#### [Required work]
Where a picture appears in the data below, exclude it; restate everything else word for word.
Top of Supplied data
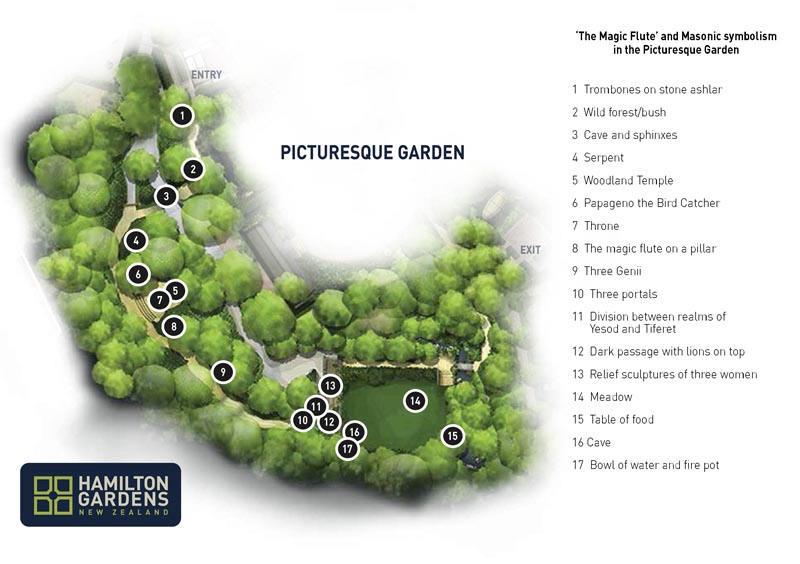 The Hamilton Gardens garden recognise that there is another garden style beside the Chinese that relies on a linear itinerary, the picturesque landscape garden. At Hamilton this is done in an interestingly and quite original way by making a scenographic itinerary that recreates the Magic Flute and its Masonic symbolism.[1]
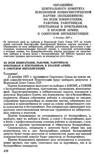 Обращение Центрального Комитета Всесоюзной коммунистической партии (большевиков) ко всем избирателям, рабочим, работницам, крестьянам и крестьянкам, к Красной Армии, к советской интеллигенции. 6 декабря 1937 г. // Печатается по тексту газеты «Правда», 1937, 7 декабря, № 335.
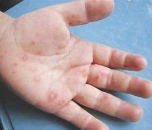 1、宝宝手足口病初期,发热1~2天后手掌,脚掌,以及臀部上同时会长出红色皮疹,一般像米粒或绿豆大小,呈圆形或椭圆形,周围有一圈红晕,没有明显的瘙痒感,以及出现口腔疱疹,多分布在咽喉、扁桃体等处,很快会变成小溃疡。
Bottom of Supplied data
#### [Response below]
 The Hamilton Gardens garden recognise that there is another garden style beside the Chinese that relies on a linear itinerary, the picturesque landscape garden. At Hamilton this is done in an interestingly and quite original way by making a scenographic itinerary that recreates the Magic Flute and its Masonic symbolism.[1]
 Обращение Центрального Комитета Всесоюзной коммунистической партии (большевиков) ко всем избирателям, рабочим, работницам, крестьянам и крестьянкам, к Красной Армии, к советской интеллигенции. 6 декабря 1937 г. // Печатается по тексту газеты «Правда», 1937, 7 декабря, № 335.
 1、宝宝手足口病初期,发热1~2天后手掌,脚掌,以及臀部上同时会长出红色皮疹,一般像米粒或绿豆大小,呈圆形或椭圆形,周围有一圈红晕,没有明显的瘙痒感,以及出现口腔疱疹,多分布在咽喉、扁桃体等处,很快会变成小溃疡。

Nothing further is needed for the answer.